*EXERCISE OBJECTIVE:* All lines from the one bearing "This bingo card" through the end of the data below must be printed exactly as they stand, with pictures removed.

···

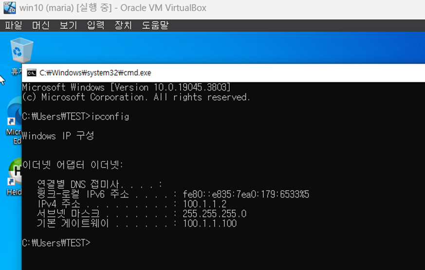 세팅 후, 같은 회선으로 연결된 window 10에 ipconfig/renew로 ip를 받아오자.
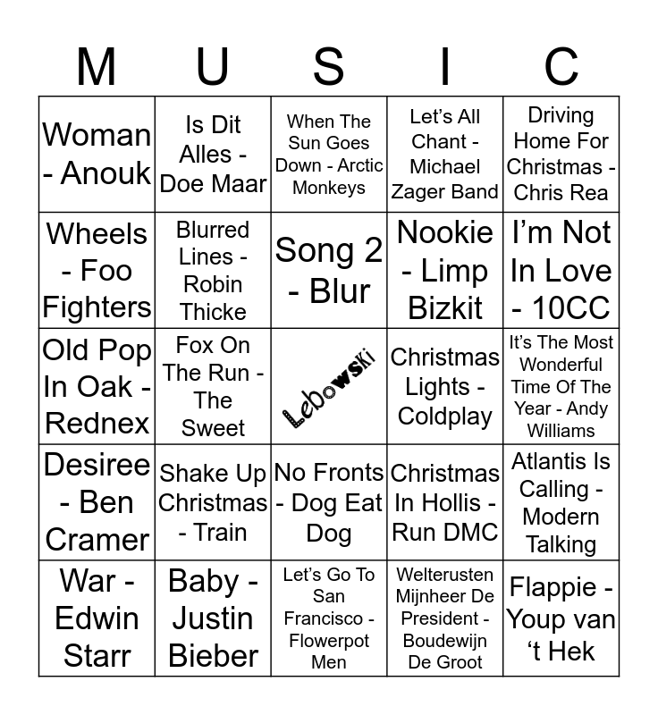 This bingo card has a free space and 24 words: Shake Up Christmas - Train, Baby - Justin Bieber, Song 2 - Blur, War - Edwin Starr, Driving Home For Christmas - Chris Rea, Woman - Anouk, Wheels - Foo Fighters, Is Dit Alles - Doe Maar, Christmas Lights - Coldplay, No Fronts - Dog Eat Dog, Nookie - Limp Bizkit, Old Pop In Oak - Rednex, Christmas In Hollis - Run DMC, Atlantis Is Calling - Modern Talking, Blurred Lines - Robin Thicke, Welterusten Mijnheer De President - Boudewijn De Groot, It’s The Most Wonderful Time Of The Year - Andy Williams, When The Sun Goes Down - Arctic Monkeys, I’m Not In Love - 10CC, Fox On The Run - The Sweet, Flappie - Youp van ‘t Hek, Desiree - Ben Cramer, Let’s All Chant - Michael Zager Band and Let’s Go To San Francisco - Flowerpot Men.
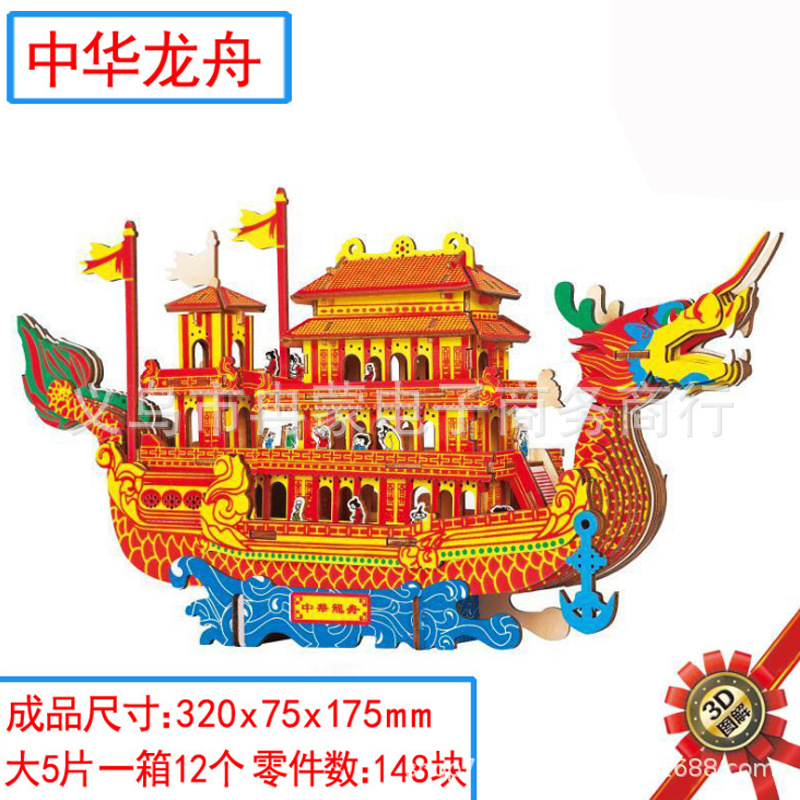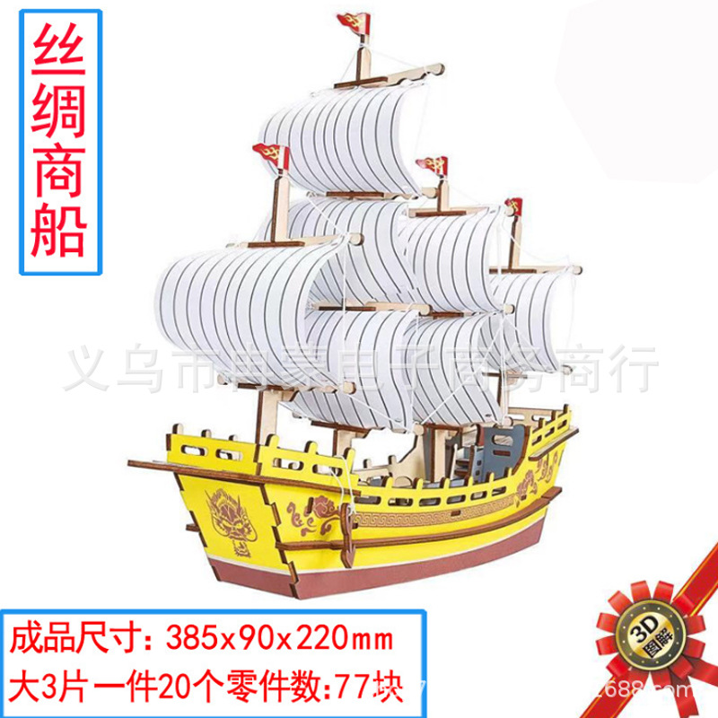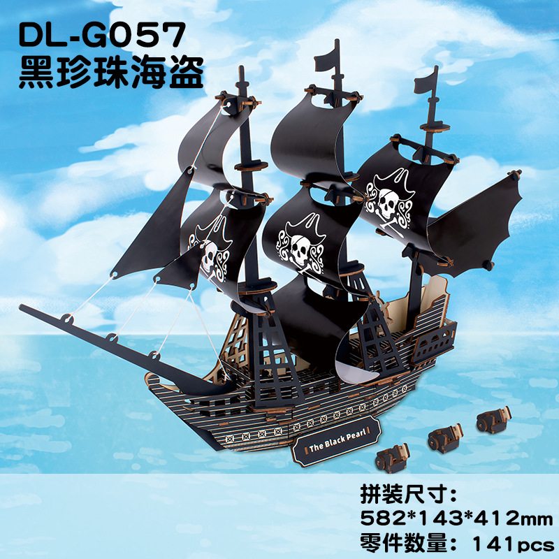 나무 입체 퍼즐 Zhuang Yi 장식품 건축 모델 항해 해적선 DIY 조립 된 교육 완구 남성과 어린이를위한
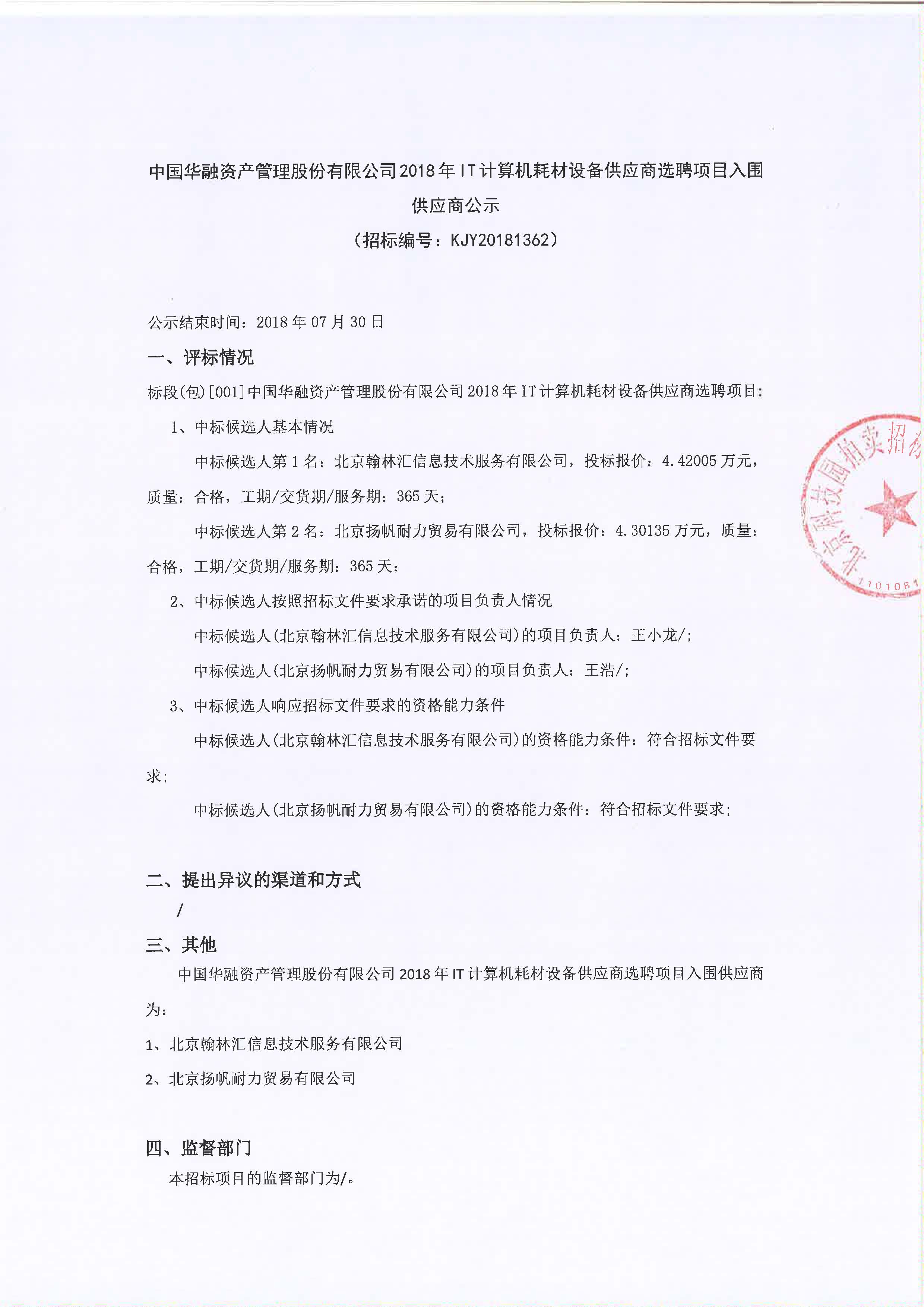 中國華融資產管理股份有限公司2018年IT計算機耗材設備供應商選聘項目入圍供應商公示
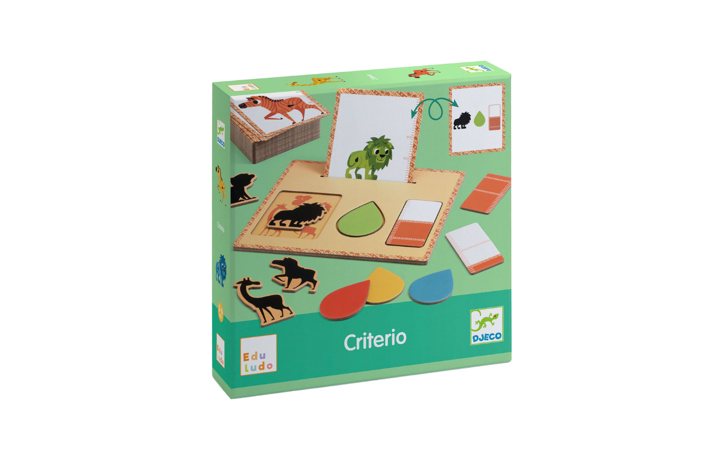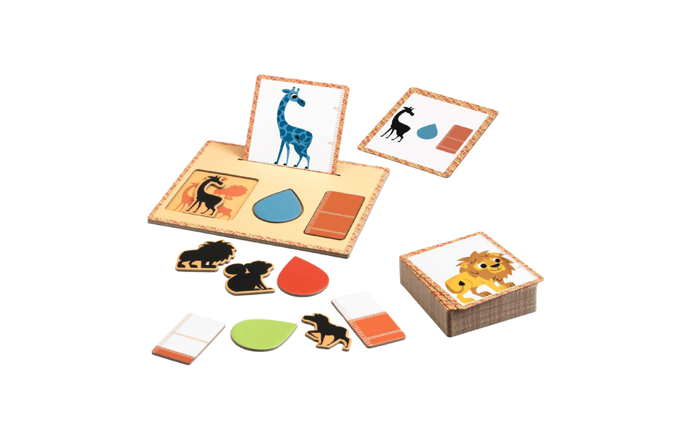 Un jeu d'assemblage de critères. À l'aide d'une carte d'animaux, l'enfant recherche les 3 caractéristiques correspondantes (forme de l'animal, couleur et taille).

···

*RESPONSE FOR THIS EXERCISE:*
 This bingo card has a free space and 24 words: Shake Up Christmas - Train, Baby - Justin Bieber, Song 2 - Blur, War - Edwin Starr, Driving Home For Christmas - Chris Rea, Woman - Anouk, Wheels - Foo Fighters, Is Dit Alles - Doe Maar, Christmas Lights - Coldplay, No Fronts - Dog Eat Dog, Nookie - Limp Bizkit, Old Pop In Oak - Rednex, Christmas In Hollis - Run DMC, Atlantis Is Calling - Modern Talking, Blurred Lines - Robin Thicke, Welterusten Mijnheer De President - Boudewijn De Groot, It’s The Most Wonderful Time Of The Year - Andy Williams, When The Sun Goes Down - Arctic Monkeys, I’m Not In Love - 10CC, Fox On The Run - The Sweet, Flappie - Youp van ‘t Hek, Desiree - Ben Cramer, Let’s All Chant - Michael Zager Band and Let’s Go To San Francisco - Flowerpot Men.
 나무 입체 퍼즐 Zhuang Yi 장식품 건축 모델 항해 해적선 DIY 조립 된 교육 완구 남성과 어린이를위한
 中國華融資產管理股份有限公司2018年IT計算機耗材設備供應商選聘項目入圍供應商公示
 Un jeu d'assemblage de critères. À l'aide d'une carte d'animaux, l'enfant recherche les 3 caractéristiques correspondantes (forme de l'animal, couleur et taille).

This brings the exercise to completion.